Migalha Trabalhista

A lei da isonomia salarial e as interseccionalidades invisíveis

Celebra-se a atual tentativa do legislador de promover uma transformação sociocultural concreta e efetiva na visão androcêntrica do mundo do trabalho acerca das pessoas trabalhadoras, das suas competências e habilidades.

25/8/2023

O ano era 1943. Entrava em vigor o decreto-lei 5.452, a Consolidação das Leis do Trabalho. Em sua redação original, o art. 5º do diploma legal dispunha “a todo trabalho de igual valor corresponderá salário igual, sem distinção de sexo”. Oitenta anos e alguns outros dispositivos normativos separam esse artigo da CLT, ainda em vigor, da festejada lei 14.611, de 03 de julho de 2023, a qual dispõe sobre igualdade salarial e critérios remuneratórios entre mulheres e homens.
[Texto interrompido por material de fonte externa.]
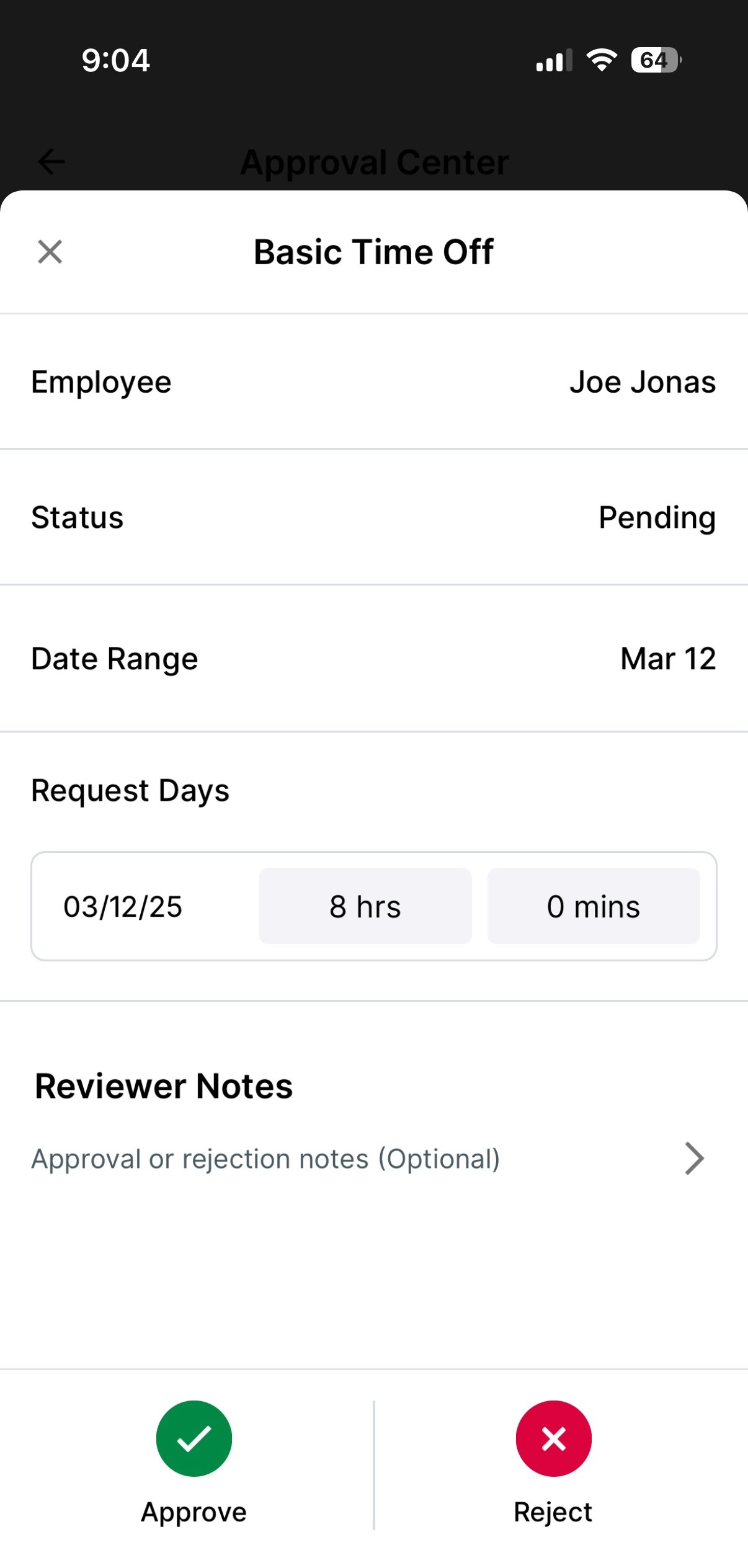 Navigate to the Time Off Requests tab and use the ✓ to approve or X to reject requests. To include a note alongside the approval or rejection, use the View Details button.

Celebra-se a atual tentativa do legislador de promover uma transformação sociocultural concreta e efetiva na visão androcêntrica do mundo do trabalho acerca das pessoas trabalhadoras, das suas competências e habilidades. Uma nova roupagem de enfrentamento a um antigo problema que a sociedade brasileira, a despeito da legislação trabalhista, da Constituição Federal de 1988 e das normas internacionais de Direitos Humanos ainda não deu conta de resolver. Portanto, a efetividade normativa que tanto se  almeja decorrerá do compromisso do legislador com a visibilidade das dinâmicas de trabalho das mulheres a partir das lentes da perspectiva de gênero, pensando o Direito do Trabalho a partir das teorias feministas e considerando que a casa, a família e o trabalho doméstico não são estranhos ao mundo do trabalho produtivo, mas sim a sua base1 .

Não há como tratar de isonomia salarial no mundo do trabalho sem destacar, ainda que de forma sucinta, três aspectos: 1) os impactos dos estereótipos de gênero na inserção feminina no mundo do trabalho, os quais reforçam a posição de centralidade dos homens na sociedade, desprestigiando características e habilidade entendidas socialmente como femininas e valorizando características e comportamentos tidos como masculinos2; 2) a divisão sexual do trabalho, conceito formulado por teóricas feministas fundado em dois princípios, quais sejam, o da separação - através do qual se interpreta que existem trabalhos que devem ser exercidos por homens e outros que se atribui às mulheres; e o hierárquico – através do qual se observa que o trabalho do homem é mais valorizado social e economicamente que o trabalho da mulher3 e, 3) o caráter sexuado da precarização4 marcado pelo crescimento da participação de mulheres, em especial de mulheres que acumulam atravessamentos interseccionais de gênero e raça, em trabalhos precários, vulneráveis ou informais, onde os desníveis salariais em relação aos homens são ainda mais acentuados.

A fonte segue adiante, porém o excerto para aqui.